Have we been asking the right questions? What if we have been approaching the transformation of learning from “north” on the compass rose when we should have been approaching from “west” or “east”? I am going to mix the heck out of some metaphors here, but stick with me for a moment.
- Computing metaphor: the system of education has loads of “hardware”, some outdated and some new, but most within a similar school of architecture. We have loads of “software” that is being updated all the time, and in the past decade the rate of increase of software solutions into the system has gone crazy. But what about the operating system? It has not had a substantial redesign since the middle of the 19th century. What if we stopped designing hardware and software for an operating system that is 150 years old until we redesigned the education OS?
- Ecosystem metaphor: If we imagine learning evolving from an assembly line model to an ecosystem model as I argue in #EdJourney, and we think of that ecosystem as a pond, we keep adding lots of organisms to that pond: flipped classrooms, PBL, online learning, global studies, SEL, Common Core, new technologies…the list is pretty much endless. But what attention are we paying to the water in the pond, the medium in which all this must live and thrive?

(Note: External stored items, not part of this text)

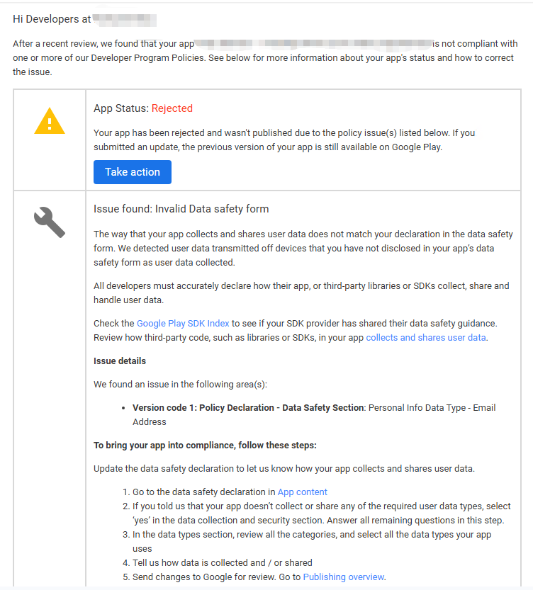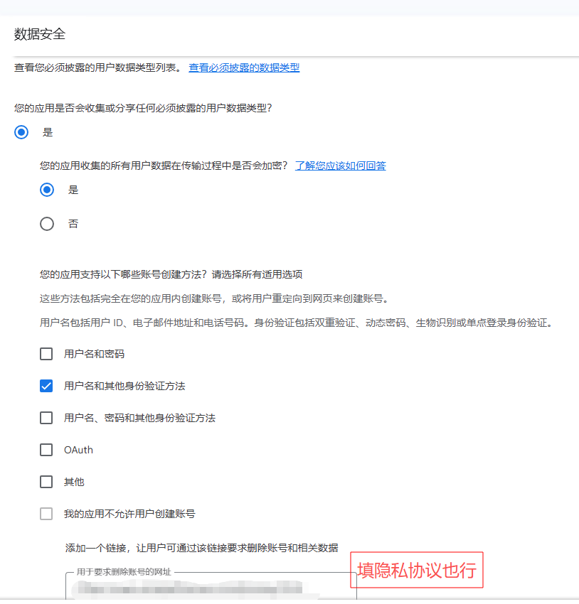 2. 大概意思就是数据安全选项出问题了,不符合政策要求。因为这个应用是有用到Google邮箱登录的,而数据安全声明里没有勾选到对应的选项。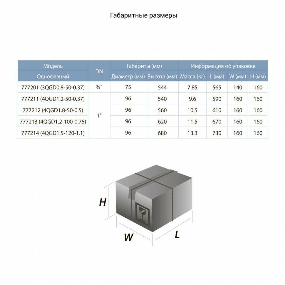 Насос шнековий свердловинний 0.5кВт H 107(34)м Q 40(30)л/хв Ø96мм (нерж) AQUATICA (DONGYIN) (777212) Насоси серії резервуарів (обов'язкова установка кожуха охолодження), для перекачування води в резервуари, для зрошувальних систем, для автоматичної подачі води разом із невеликими резервуарами під час використання керуючої автоматики (керуючі реле, контролери тиску). Насосна частина: - зовнішній діаметр: 96 мм; - корпус насосної частини: нержавіюча сталь AISI 304; - Вихідний фланець: нержавіюча сталь AISI 304; - Вал насосної частини: нержавіюча сталь AISI 304; - Шнек: нержавіюча сталь AISI 304; - втулка шнека: гумово-металева; - Зворотний клапан: гума. Електродвигун: - Тип двигуна: асинхронний, маслонаповнений, з вбудованим в обмотку термозахистом; - обмотка статора: мідь; - Корпус електродвигуна: нержавіюча сталь AISI 304; - Вал двигать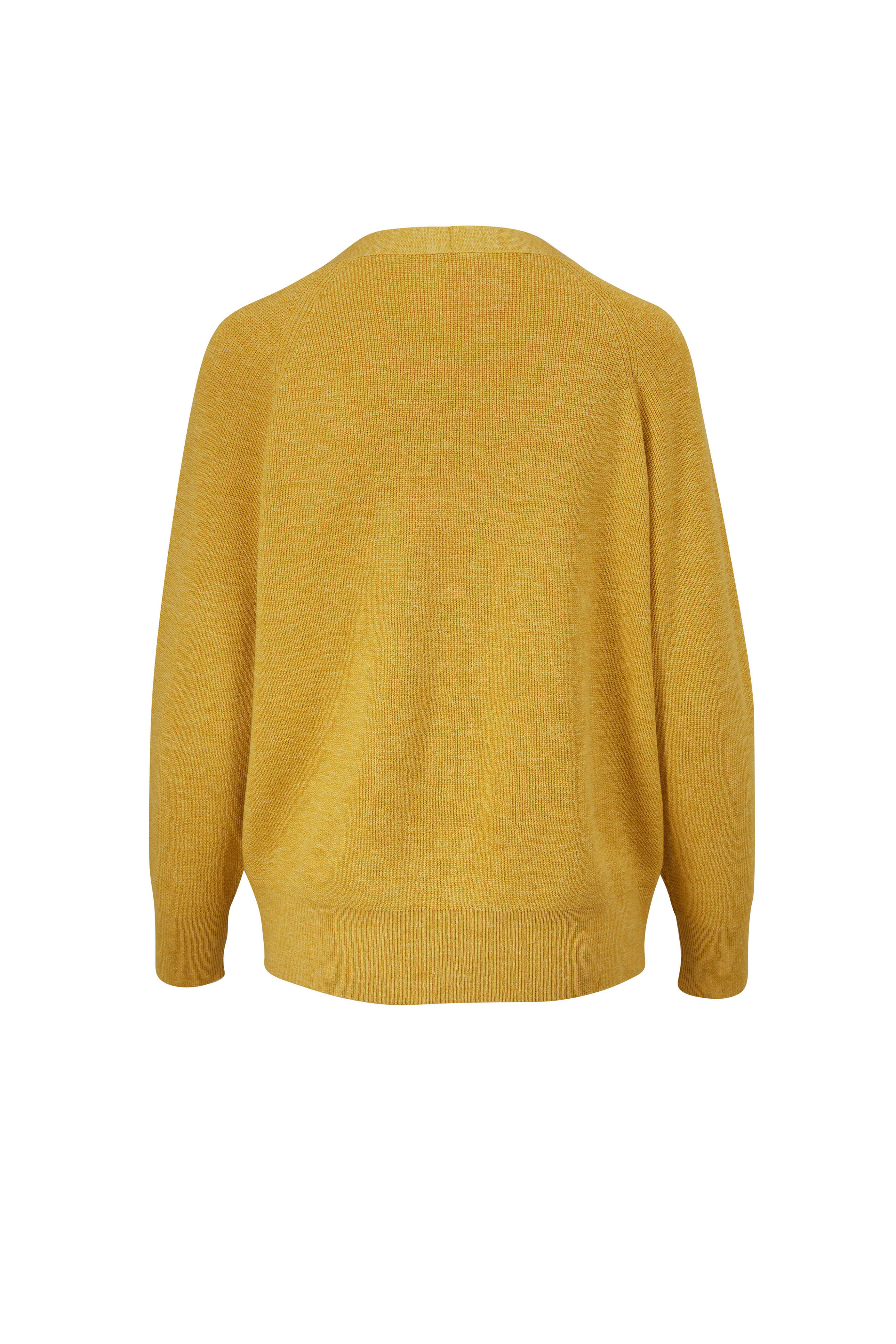 V-neckline. Button placket. Imported. 60% mulberry silk, 35% linen, 5% elastane. Dry clean.

- Holiday Tree metaphor (from The Falconer): Are we paying all of our attention to the ornaments when what is really important is the tree?
- Archery metaphor (also from The Falconer): We keep adding arrows to the quiver and building better bows. Isn’t our real concern training the archer?
Take your pick and use the one that resonates with you. Others that come to mind? I think this is really important: We don’t need more stuff in education; we need to re-imagine the glue that holds the stuff together.